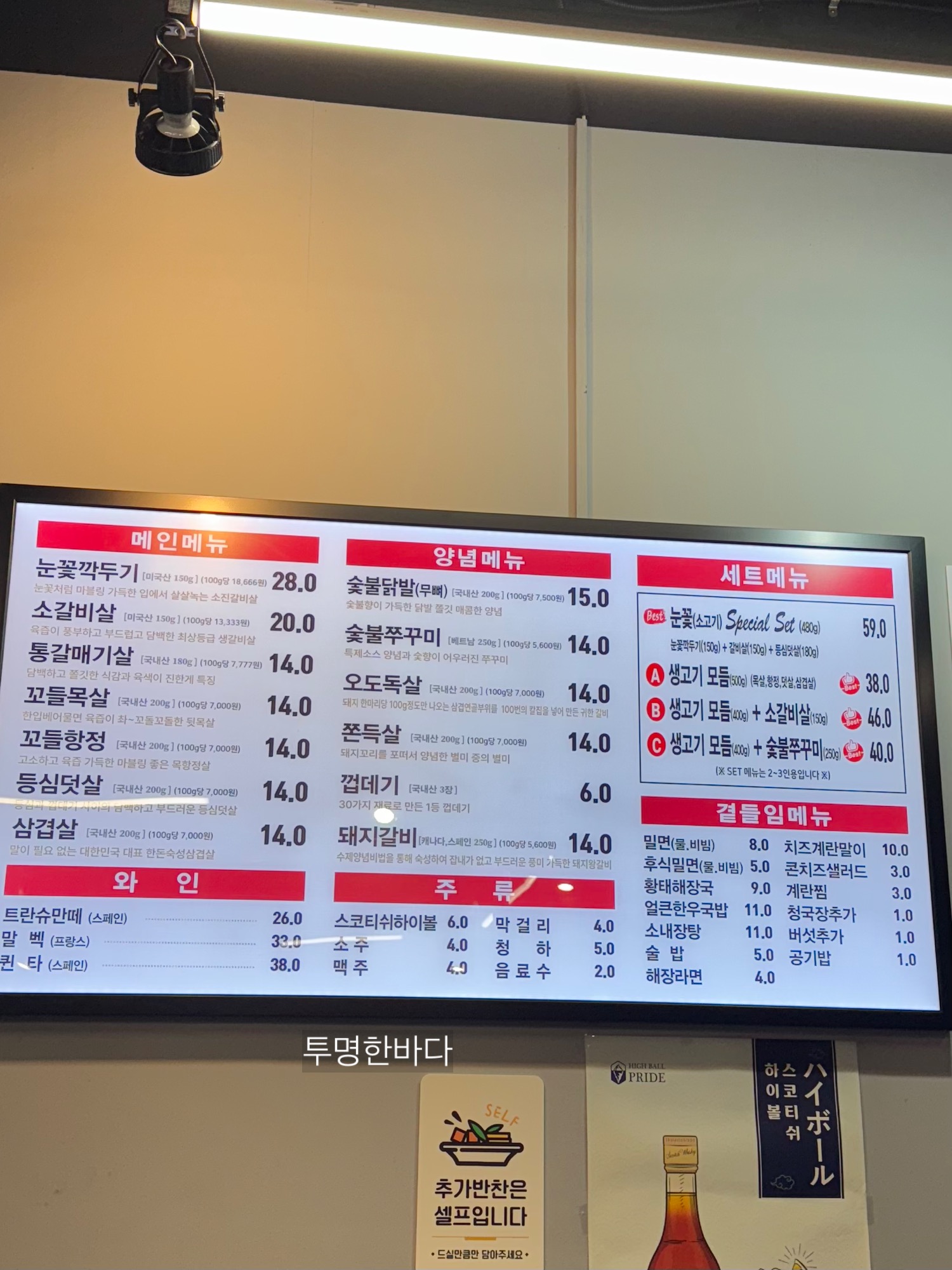 식껍 청주 성화점은 평범한 고깃집의 모습이지만, 평일 저녁에도 만석이 될 만큼 인기가 많았습니다.
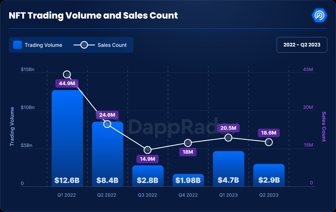 上图: 2022 年至 2023 年二季度 NFT 交易额和销售额对比
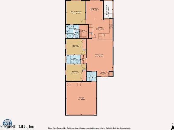 Back on the Market in the Beautiful Coastal Oaks Community. A modern 3 bedroom & 2 bath beach inspired home, featuring an open concept living space and large dining area. Stainless steel appliances and quartz countertops compliment a coastal blue backsplash in the kitchen. The gas cook top is supplied by an outdoor propane tank. Generous storage around the home includes stylish white cabinetry and a massive walk-in closet. The primary bathroom features a shower, while the hall bath has been modified with accessible bathtub. The indoor laundry room connects to a two car garage. The fenced-in yard hosts a few trees and plenty of space for your green thumb. Located adjacent to the vibrant Jacksonville beaches, with easy access to the rest of the city. The beaches play host to a variety of shops and restaurants, as well as parks and the wide sandy beach itself.
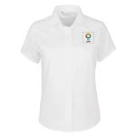 Aporta un toque elegante a tu estilo con la camisa de manga corta clásica de sarga de Russell™ para mujer. Combínala con una falda de tubo para conseguir un aspecto más profesional o con vaqueros para tener una apariencia más desenfadada. Personalízala con tu logotipo y sal a la calle con estilo.
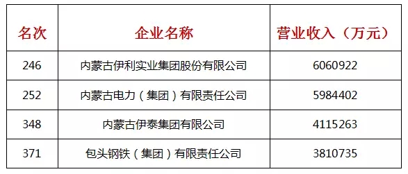 内蒙古4家企业上榜名单:
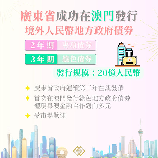 廣東省是次發行的債券面向專業投資者,總發行規模為20億人民幣。其中,2年期的專項債券發行金額為10億人民幣,發行利率定價為2.40%;3年期的綠色債券發行金額為10億人民幣,發行利率定價為2.55%,並取得香港品質保證局(HKQAA)發行前階段綠色金融認證證書。本次地方政府債券的發行受到市場歡迎,認購倍數為2.3倍,取得圓滿成功。
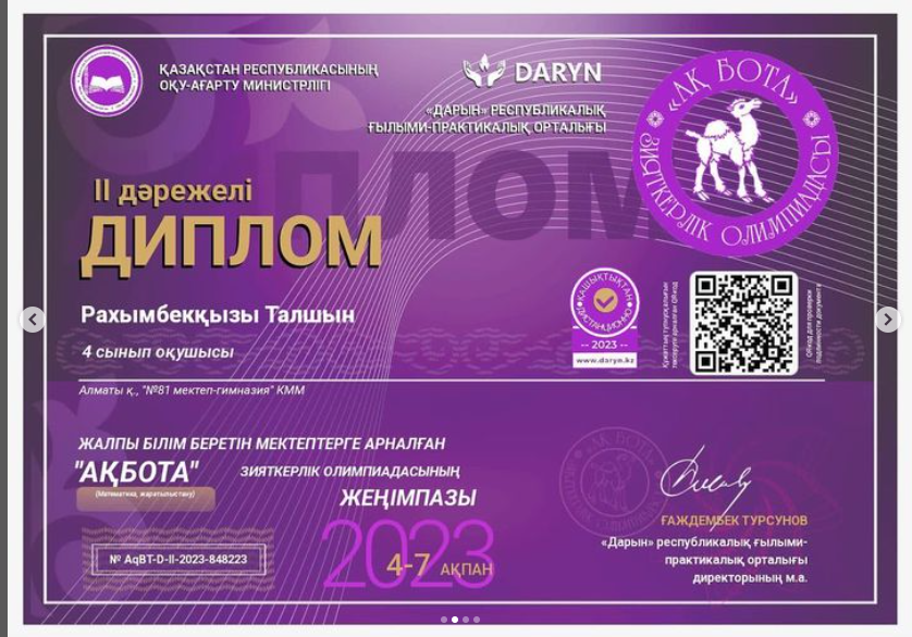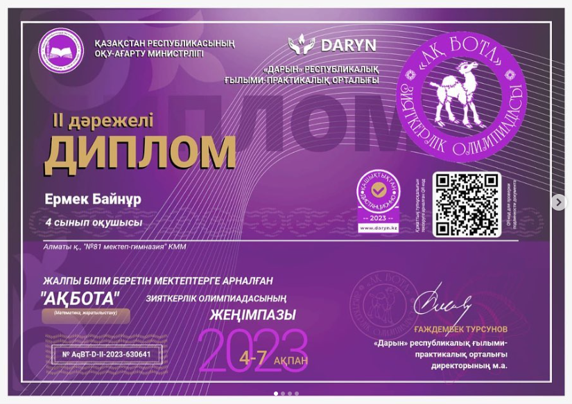 13 ақпан 2023 0 1 2 3 4 5 “АҚБОТА” зияткерлік олимпиадасының жеңімпаздары ДАРЫН” республикалық ғылыми-практикалық орталығы“АҚБОТА” зияткерлік олимпиадаға қатысып, жүлделі орын алған 4 «А» сыныбы жеңімпаздарын жеңістерімен құттықтаймыз! Жарайсыздар!👏👍🥇🏆Сынып жетекшісі:Женсикбаева А.С. Осы беттің QR-коды:QR-код этой страницы:
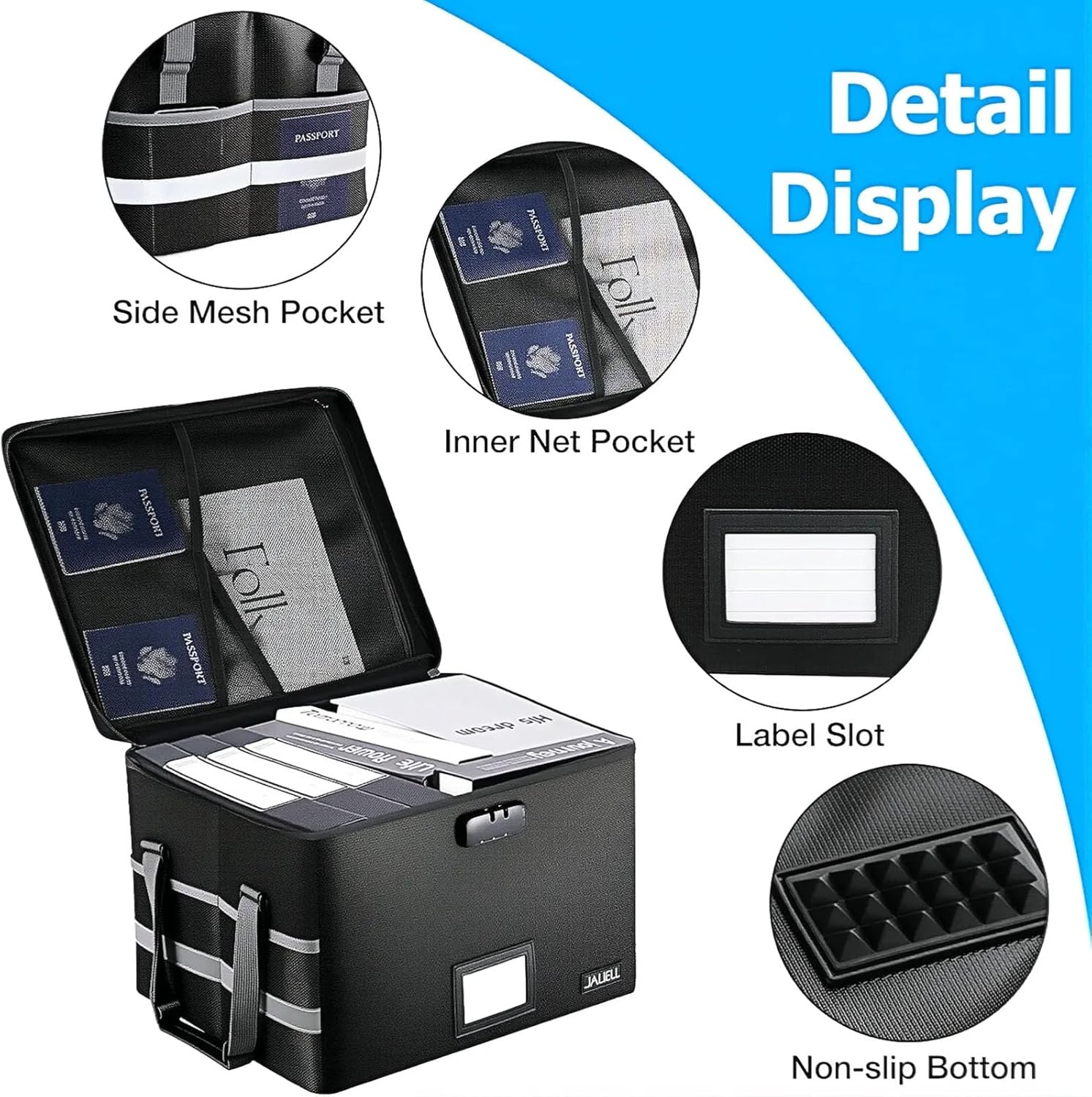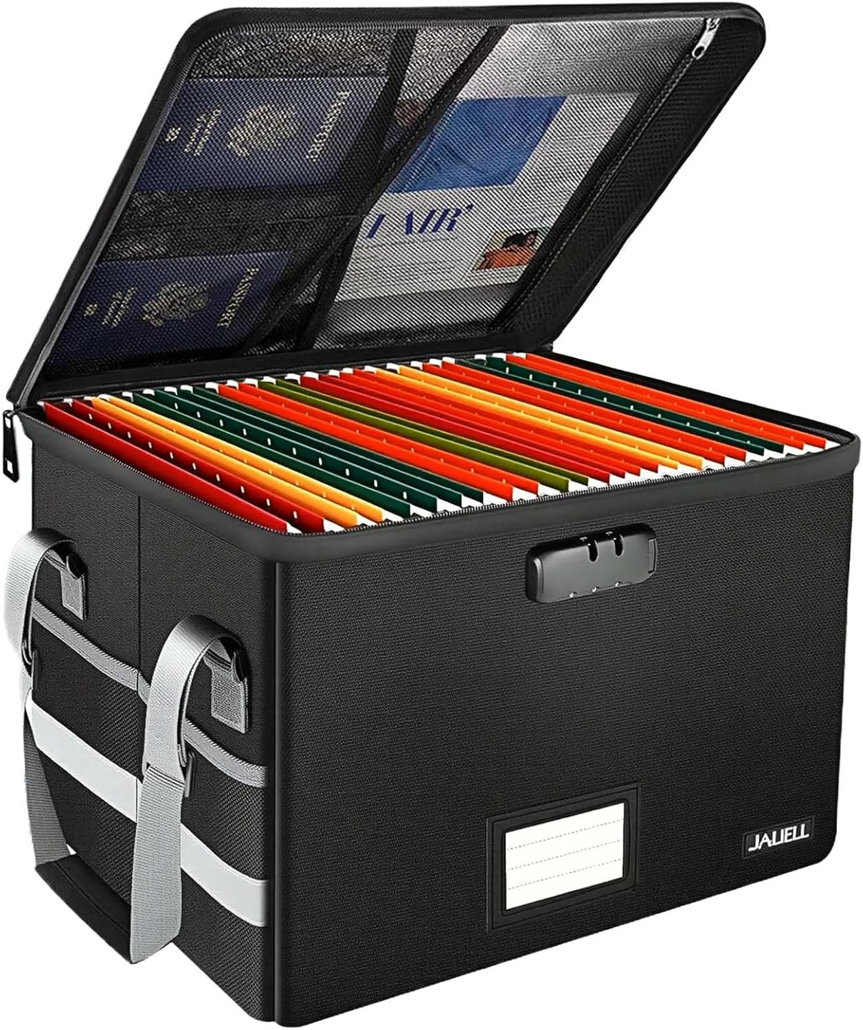 Large Capacity Locking File Box: 15.55″ x 12″ x 10.43″. This fireproof file cabinet fits both letter and legal size files to match your filing system. Beyond documents, it protects your valuables—from books, CDs, DVDs, albums, and USBs to passports, social security cards, and birth certificates. With 1 large pocket and 4 mesh bags inside the lid, plus 4 outer pockets on the sides, everything stays organized and secure.

########

**To do:** Omit the pictures, then output every record exactly as given.

**Response below:**
 식껍 청주 성화점은 평범한 고깃집의 모습이지만, 평일 저녁에도 만석이 될 만큼 인기가 많았습니다.
 上图: 2022 年至 2023 年二季度 NFT 交易额和销售额对比
 Back on the Market in the Beautiful Coastal Oaks Community. A modern 3 bedroom & 2 bath beach inspired home, featuring an open concept living space and large dining area. Stainless steel appliances and quartz countertops compliment a coastal blue backsplash in the kitchen. The gas cook top is supplied by an outdoor propane tank. Generous storage around the home includes stylish white cabinetry and a massive walk-in closet. The primary bathroom features a shower, while the hall bath has been modified with accessible bathtub. The indoor laundry room connects to a two car garage. The fenced-in yard hosts a few trees and plenty of space for your green thumb. Located adjacent to the vibrant Jacksonville beaches, with easy access to the rest of the city. The beaches play host to a variety of shops and restaurants, as well as parks and the wide sandy beach itself.
 Aporta un toque elegante a tu estilo con la camisa de manga corta clásica de sarga de Russell™ para mujer. Combínala con una falda de tubo para conseguir un aspecto más profesional o con vaqueros para tener una apariencia más desenfadada. Personalízala con tu logotipo y sal a la calle con estilo.
 内蒙古4家企业上榜名单:
 廣東省是次發行的債券面向專業投資者,總發行規模為20億人民幣。其中,2年期的專項債券發行金額為10億人民幣,發行利率定價為2.40%;3年期的綠色債券發行金額為10億人民幣,發行利率定價為2.55%,並取得香港品質保證局(HKQAA)發行前階段綠色金融認證證書。本次地方政府債券的發行受到市場歡迎,認購倍數為2.3倍,取得圓滿成功。
 13 ақпан 2023 0 1 2 3 4 5 “АҚБОТА” зияткерлік олимпиадасының жеңімпаздары ДАРЫН” республикалық ғылыми-практикалық орталығы“АҚБОТА” зияткерлік олимпиадаға қатысып, жүлделі орын алған 4 «А» сыныбы жеңімпаздарын жеңістерімен құттықтаймыз! Жарайсыздар!👏👍🥇🏆Сынып жетекшісі:Женсикбаева А.С. Осы беттің QR-коды:QR-код этой страницы:
 Large Capacity Locking File Box: 15.55″ x 12″ x 10.43″. This fireproof file cabinet fits both letter and legal size files to match your filing system. Beyond documents, it protects your valuables—from books, CDs, DVDs, albums, and USBs to passports, social security cards, and birth certificates. With 1 large pocket and 4 mesh bags inside the lid, plus 4 outer pockets on the sides, everything stays organized and secure.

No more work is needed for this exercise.